How Emanuel Ax Makes Piano Practice Less Of A Slog

How Emanuel Ax Makes Piano Practice Less Of A Slog

Seven-time Grammy-winning pianist Emanuel Ax still practices his instrument four hours a day – when you play Carnegie Hall, you don’t just wing it. And sometimes, he admits, “it’s kind of a slog,” especially to practice a new piece: Something written specifically for him, or something he’s never heard. “You get the music, and you try to learn it note by note.” In an interview with Lifehacker, Ax recommends several ways to make practising an instrument more fun and productive.

Photo: AP Photo/Keystone/Urs Flueeler

Listen to great performances

When you can listen to existing interpretations of a piece, you don’t have to depend on the page to tell you what to do. It isn’t cheating to follow along with a great performer.

Ax finds it easier to learn pieces that he’s heard before, even if he hasn’t played them, because he can borrow from existing performances. He’s been going to shows at Carnegie Hall since his childhood, but he’s impressed by options like Spotify and YouTube, which give anyone “the ability to call up great performances of the past, almost at will”.

Get a partner

Ax frequently performs with Yo-Yo Ma, so the two often practice together. It’s “very liberating and very helpful,” says Ax. “We’re exchanging ideas. Yo-Yo can say to me, maybe you should try doing less on the left hand, more on the right, or do this faster, or do this slower. It’s a conversation.”

It’s also more fun; the two like to talk and joke around. “If you’re practising by yourself, you can’t tell yourself too many jokes.”

It’s also a way to get familiar with another instrument and another musician’s process, which is very useful for performing in an ensemble. From working with Ma, he says, “I like to think I know something about string playing.”

Try another instrument

When Ax works with an orchestra, most of his collaboration is funnelled through the conductor. But he learns how to support soloists and their interpretation of the work. “There are many places where it’s, say, you and the clarinet, or you and a solo cello or the flute. You kind of have an unspoken connection.”

Ax doesn’t regularly play any other instruments, but he says that playing the timpani is “a kind of a fantasy for me”. Whenever he works with an orchestra, he says, “I always make friends with the timpani player.” He recently even performed timpani onstage in the Toronto Symphony Orchestra.

If one of the world’s most famous living pianists can get excited about kettle drums, then maybe you can cleanse your palate by picking up another instrument for a day.

Experiment

Practice never becomes 100 per cent fun, says Ax. You’ll inevitably have to repeat some things over and over. “But a lot of time is spent discovering new ways to do things. So the slog becomes an interesting creative process.”

Sometimes Ax might be working on a piece that he’s been playing for 20 years, then stop at a certain part that’s always given him trouble. What if he used his fourth finger instead of his fifth? “Then it becomes very exciting! Then you don’t mind practising that over and over to get it into your head.”

Try to practice more than one thing at a time. This week Ax is practising for one performance this weekend and another in October. This, he says, is because he’s “quite slow”, but it also seems like a protection against grinding away at the same piece all day. If you have the freedom to choose what to practice, you can find two contrasting pieces, or something easy to balance with something hard.

Come back to old pieces

“One of the difficulties in a new piece is you don’t know what’s going to be a problem for you,” says Ax. Even an old familiar piece requires practice before a performance, but he has a head start, which gives him time to make new choices and hone his performance, to play certain parts louder or softer, or to bring out a different voice, or emphasise the other hand.
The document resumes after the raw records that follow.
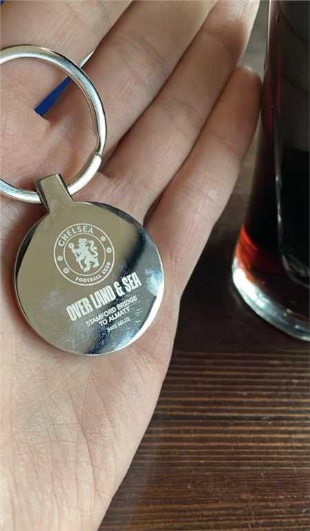 为了感谢这些不畏严寒、远赴重洋支持球队的忠实球迷,切尔西俱乐部精心准备了一款钥匙扣纪念品。这款钥匙扣上镌刻着切尔西的队徽,并刻有“跨越山海,从斯坦福桥到阿拉木图,3485英里”的字样,以此纪念球迷们的忠诚与勇气。
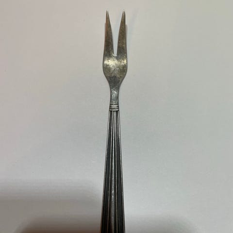 Ruusu hopeinen leikkelehaarukka,leima näkyy kuvassa.
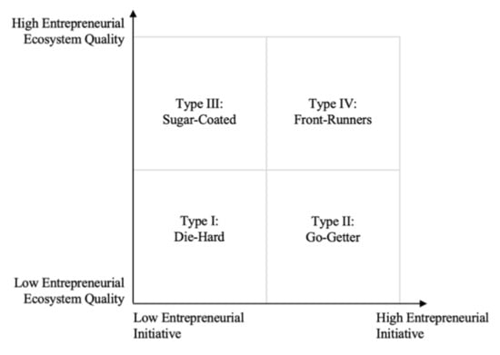 The taxonomy represented in Figure 1 offers a model that encompasses two variables—country Entrepreneurial Ecosystem Quality (EEQ) and individual Entrepreneurial Initiative (EI). The Entrepreneurial Ecosystem Taxonomy (EET) is a classification system that provides four typologies of different EEs deployed under two main sources of empirical evidence (EEQ and EI). The classification breaks the world of EEs into categories, ordering, comparing, and clustering countries without losing sight of the latent richness and diversity that exists within the type [55]. This system acknowledges that EEs are either all similar or are all individually inimitable, asserting the multidimensional nature of each typology. In this perspective, the taxonomy offers an ordered scheme, grounded on the recognition of specific similarities, consistent with previous theoretical and practical studies. Following the recommendations of Rich [55] the EEs taxonomy provides four major divisions, within the first group (Die-Hard type) and the last group (Front-Runners type) representing the lowest and the highest category levels. The specific typologies of EET are Die-Hard, Go-Getter, Sugar-Coated, and Front-Runners. Die-Hard type is considered the inferior position within EET framework and refers to countries with lower levels of EEQ and EI. The usage of Die-Hard evidence the inexorable lack of conditions and efforts to enterprise. The second position, Go-Getter, captures more ambitious individuals expressing higher EI. These economies reveal a shortage of EEs conditions and, consequently, a poorer EEQ. The third type is named Sugar-Coated and addresses countries with attractive EEs. This taxonomic position evidence limited EI opposing to outstanding context conditions. At last, Front-Runner’s type represents the leading economies in both dimensions, evidencing higher levels of EEQ and EI.

It’s easier to tackle the tougher parts when they don’t catch you unaware. Ax compares returning to an old piece like playing tennis against a familiar opponent: You know they have a strong forehand, so you force them to backhand. “Not that Brahms is my enemy!”

Use an app

At 69, Ax says, he’s “terrified of playing Bach from memory. It’s getting too hard.” So he uses Tonara, a practice and performance app for Android and iOS. (Tonara representatives arranged our interview with Ax.) Ax uses the app onstage and in practice sessions to read music without relying on a page-turner. The app can hear Ax and follow along, so it knows when to turn the page. “Until this year, I’d have to get someone to take a chair and turn pages for me.”

The app, of course, is not mainly designed for celebrity pianists but for regular people practicing any instrument. “Even if you play the wrong notes, it seems to know where you are,” says Ax. It tracks your performance, records your wrong notes and gives you feedback; teachers can even assign work in the app, and it can track students’ practice time and grade their performance.

Play Bach

Ax teaches at Juilliard, usually one-on-one. He tries to get his students to play a lot of Bach, because Bach is “really hard”, and Ax wants his students to get more early Bach practice in than he did.

“Every voice in a Bach piece is an individual voice,” he says. “So you don’t really have a situation where there’s a tune on top and everybody else accompanies. Everybody has a different thing to do. If you can play Bach well, then you’re really good.” He’s excited for the current generation of music students. “They are going to be so much better than us.”